Unlike Denmark, which has placed lockdown restrictions similar to the rest of the world, Sweden has not closed its borders, public schools, or non-essential businesses. As noted in a recent New York Times report, “Sweden’s approach has raised questions about whether it’s gambling with a disease.” Why then are two seemingly similar countries taking vastly different approaches towards battling this pandemic, and which strategies appear to be the most effective thus far? Further, what can we as healthcare-focused communications, marketing and public affairs practitioners learn going forward?
Neighbors, but Opposite COVID-19 Approaches
Like Denmark and most countries across the globe, Sweden’s health officials have stressed safe hygiene practices, social distancing, and protecting older and vulnerable citizens. However, in Sweden, restaurants, playgrounds, gyms, malls, and most schools remain open (except for high schools, colleges and universities). Why is this the case?
One explanation comes from one of Sweden’s epidemiologists, who commented that “Sweden’s approach appeals to the public’s self-restraint and sense of responsibility. Our whole system for communicable disease control is based on voluntary action.”
In contrast, in Denmark all borders are closed, (except e.g. for workers commuting between the two countries) all non-essential public employees have been sent home with full pay, gatherings of more than 10 people are prohibited, and all schools were closed for five weeks. Most recently, Denmark has re-opened school and day care services for young children.
Additional reasons why these countries have taken different routes in containing the spread of COVID-19 also stem from geographic, demographic, environmental and governmental differences between Denmark and Sweden:
- Size and population density: Sweden is approximately ten times larger in area than Denmark but only has 50 % more inhabitants. Therefore, while Denmark contains 136 inhabitants per square kilometer, Sweden only has 25 inhabitants per square kilometer. That could, in theory, make it harder for the virus to spread in Sweden than in Denmark.

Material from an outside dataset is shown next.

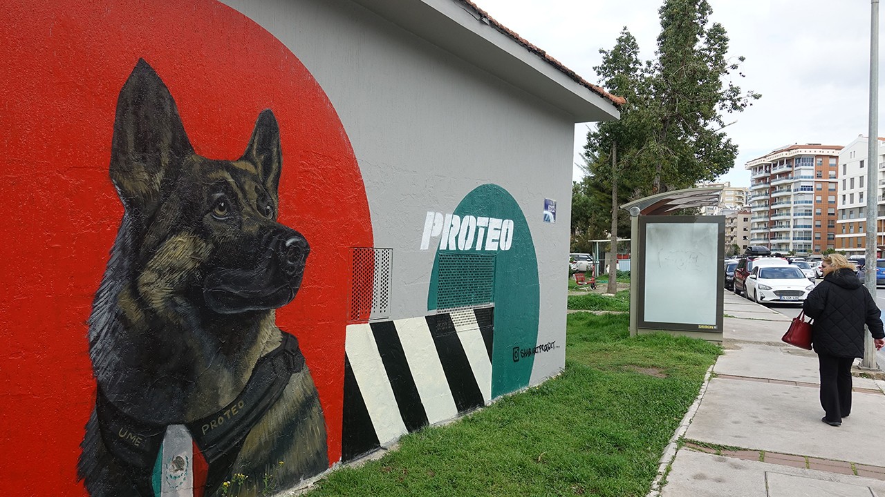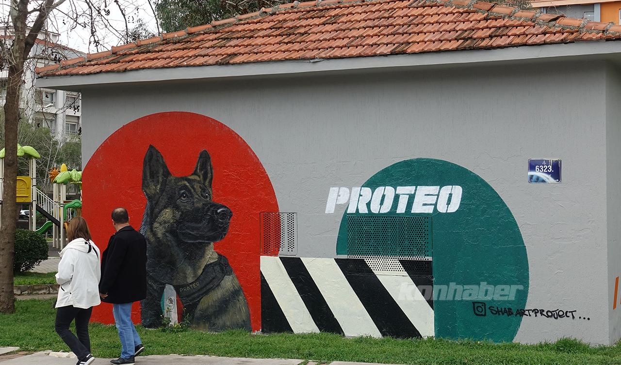 Kahramanmaraş merkezli 6 Şubat'ta meydana gelen depremlerin ardından Meksika'dan Adıyaman'a gelen arama kurtarma ekibinin ölen köpeği Proteo, İzmir'in Karşıyaka ilçesindeki bir trafoya resmedildi.

- Single vs. multi-generational households: Sweden has the highest number of single households in the world. Elsewhere in Europe, several generations of families live together, or younger people find it too expensive to live alone.
- Holiday travel habits: In February, many Danes flocked to the ski slopes in Austria for winter holidays, despite its proximity to Italy where a known outbreak was occurring. On the other hand, many Swedes remained in Sweden to ski during their winter break.

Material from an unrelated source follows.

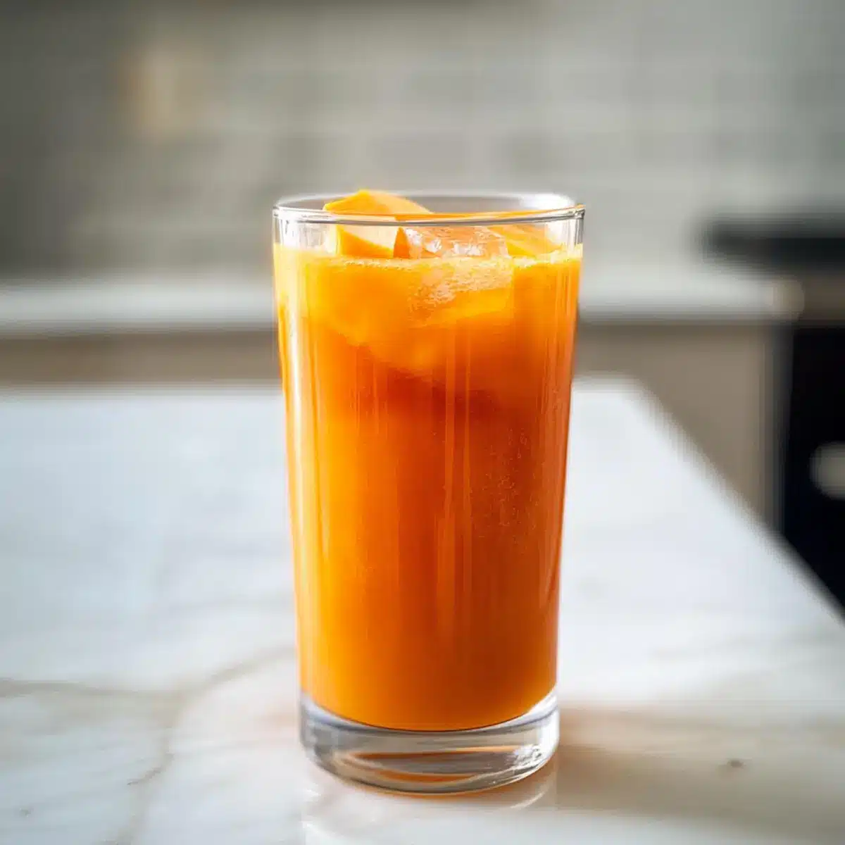 Sobald der Saft fertig ist, gieße ihn in Gläser, die du zuvor mit Eiswürfeln gefüllt hast. Die kühle Temperatur macht den Aprikose Pfirsich Süßkartoffelsaft zu einem erfrischenden Genuss, besonders an warmen Tagen. Du kannst auch mit einem Garnitur aus frischer Minze oder einem Strohhalm für zusätzlichen Flair sorgen. Der lebendige orange Farbton wird deine Familie und Freunde beeindrucken.

- Public authorities: The less radical measures taken against the virus in Sweden can be an expression of a more rational and scientific management of the crisis than in Denmark. The Swedish public authorities are empowered to make their strategy more guided by scientific reasons than by political considerations.
In both nations, hospitals are challenged but not overwhelmed, and neither has experienced the severe lack of personal protective equipment (PPE) that has been seen in the United States and elsewhere. As of 22 April, Sweden had reported 1,937 COVID-19 deaths from 16,004 cases (a roughly 12% fatality rate), while Denmark recorded 394 fatalities from 7,912 cases (4.8% death rate based on Johns Hopkins University statistics).
While Swedish officials do speak of a flattening of their curve due to its unique approach, the number of active cases remains on an upward trajectory. This contrasts with Denmark; whose curve is clearly in a downward trend.
We cannot definitively say that Sweden’s continued rise in cases was caused directly by its unique approach to coronavirus response. However, it is certain that here in Denmark, despite being a much more densely populated country with a smaller land mass, our authorities’ response measures have been fruitful.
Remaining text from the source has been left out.